Saisir à chaque fois en quelques lignes une des innombrables contradictions du temps présent, aller en elle la faire parler de nous, s’y aidant par contraste d’une possible… « survie des classiques » ! — et le tout, banalement, dans le double respect des Lumières (la raison seule permettant de croire sans violence) et de la poésie (seule capable, au fond, de débusquer — quand il faut — la violence de la raison même).
Mon voisin Hervé « comprend les Musulmans de France ». C’est ce qu’il me dit par la haie : « Nous avons dévêtu nos femmes pour réussir à éloigner Dieu ; ne soyons pas surpris qu’ils les voilent pour croire le ramener ». Il ajoute : « Nous avons divinisé l’autonomie, nous avons décrété parfaite la souveraineté de toute liberté raisonnable, et ce contre l’évidence, contre la sensibilité, contre la tradition, contre la conscience même ; et l’on s’étonne qu’ils réautonomisent Dieu et estiment que la perfection vraie vient à l’homme d’au-delà de lui ? ». Il poursuit : « Nous renions nos racines chrétiennes ; comment vouloir qu’ils applaudissent ce qu’ils nous voient dédaigner ? ».
Je l’interromps pour juger sa « compréhension » assez condescendante. « Vous tolérez un Islam que vous devriez plutôt respecter ! » lui dis-je. « Tolérer est pourtant le mot, puisque c’est admettre ce qu’on estime faux.
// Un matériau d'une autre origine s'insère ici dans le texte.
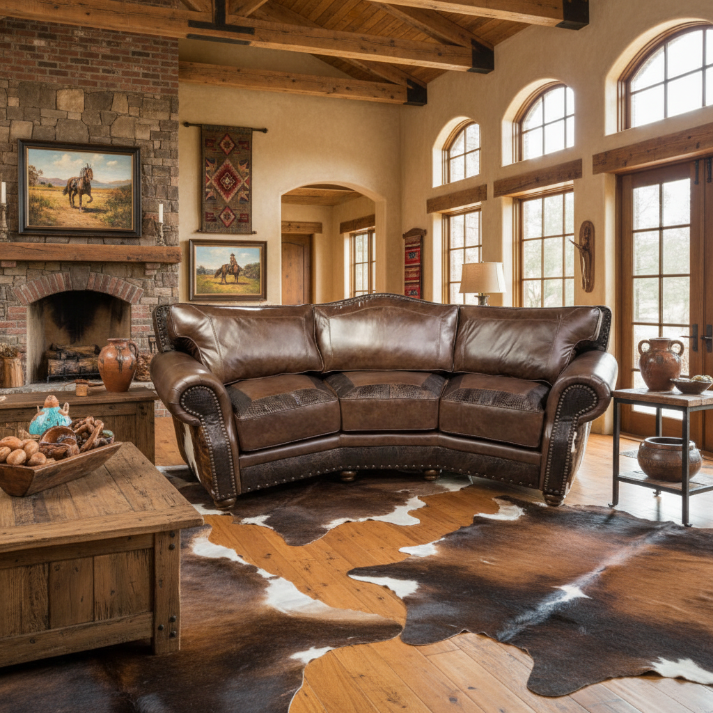 The Arroyo Conversational Western Sofa returns in a rich Jupiter Truffle leather, expertly enhanced with vintage gator embossing and luxurious caramel brindle Brazilian hides that wrap the outarms and outback, creating a truly captivating look. Detailed with antique bronze nailheads, this sofa blends classic western style with refined craftsmanship. Beyond its striking design, the sofa offers exceptional durability and comfort thanks to its faux down wrap seating and plush blown-back cushions. Perfect for family gatherings or relaxing moments, the Arroyo Conversational Western Sofa transforms any living space into a warm, inviting retreat that celebrates both style and comfort.Other matching pieces available. Shop our collection of Western Curved Sectional Sofas. Made in the USA.

Si je jugeais vraie la pensée musulmane, je me convertirais, pas vous ? Quant à respecter cette civilisation, j’admirerais certainement son architecture et sa musique si j’étais cultivé ; mais au contraire de vous, voisin, je suis un âne conscient ; j’en laisse donc l’éloge aux spécialistes et l’entretien aux intéressés ».
Hervé n’est pas, malgré notre haie d’honneur, ma céphalée favorite.